60. Für das Streben der Menschen nach Freiheit, Rechtmäßigkeit und sozialer Gerechtigkeit
und nach einer Welt, in der Konflikte auf gewaltlosem Wege lösbar sind, bleibt friedliche
Entwicklung das Ziel.
(8) Beziehungen zwischen Menschheit und Natur
61. Im Bewusstsein der Menschen des ausgehenden zwanzigsten Jahrhunderts schafft sich die
Achtung vor den anderen nichtmenschlichen Lebewesen und das Streben nach Einklang mit
der Natur allmählich Raum.
62. Die Umweltzerstörungen sind zu offensichtlich, als dass man sie noch länger ignorieren
könnte. Die Weltwirtschaftsordnung, unzulängliche Entwicklungsmodelle, ungleiche
Ressourcenverteilung auf allen Gebieten, die nukleare, industrielle und sonstige
Umweltverschmutzung sowie das Konsumverhalten in ' den Industrie- und den
Entwicklungsländern werden als Ursachen für den misslichen Zustand wahrgenommen, in
dem sich die Erde befindet. Unersättlicher Konsum und extreme Armut bedrohen die Natur
ebenso wie wehrlose menschliche Gruppen durch Gier, Unwissenheit oder Überlebensnot.

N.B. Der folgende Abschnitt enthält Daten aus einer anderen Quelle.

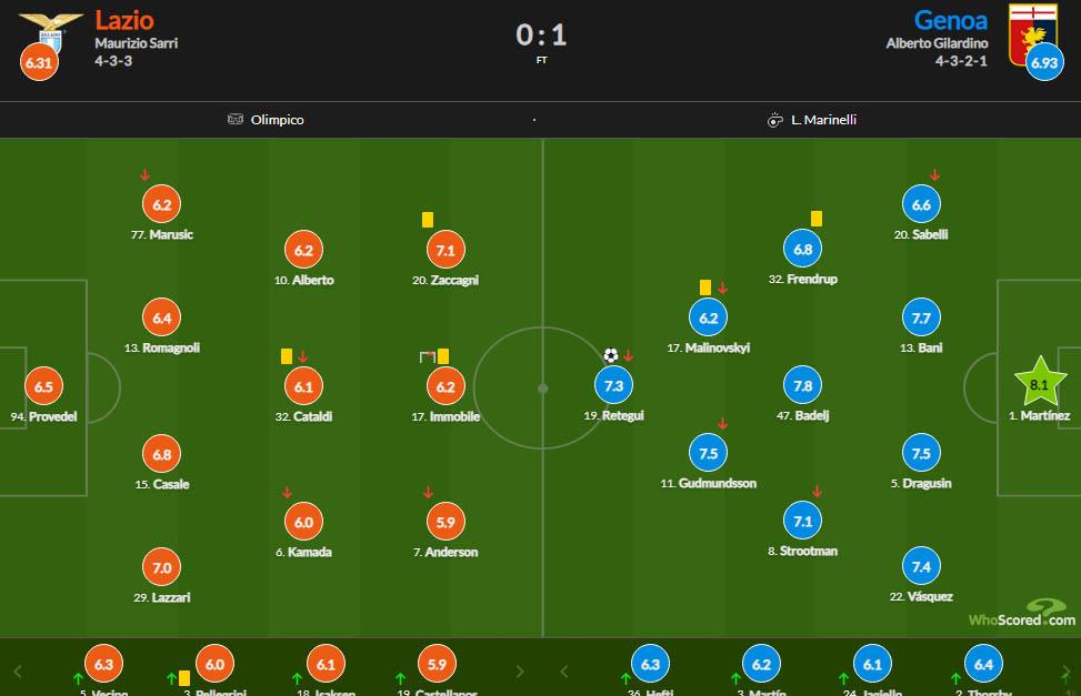 Дженоа у матчі другого туру італійської Серії А сенсаційно обіграла Лаціо (1:0).

63. Umfassende politische Verfahren des Sozialen mit dem Ziel, die Schädigungen der
Umwelt zu unterbinden und, soweit möglich, wiedergutzumachen, bedürfen der Ergänzung
durch umfassende offizielle und inoffizielle Bildungsprogramme zum Thema Umwelt wie
auch durch Unterstützungskampagnen für umweltpolitische Anliegen. In diesem Prozess fällt
den SozialarbeiterInnen die bedeutsame Rolle zu, Verbindungen mit anderen Gruppen
herzustellen. Der überaus gravierenden Bedrohung, der die Menschheit und ihr Lebensraum
ausgesetzt sind, müssen sich auch die SozialarbeiterInnen bewusst werden.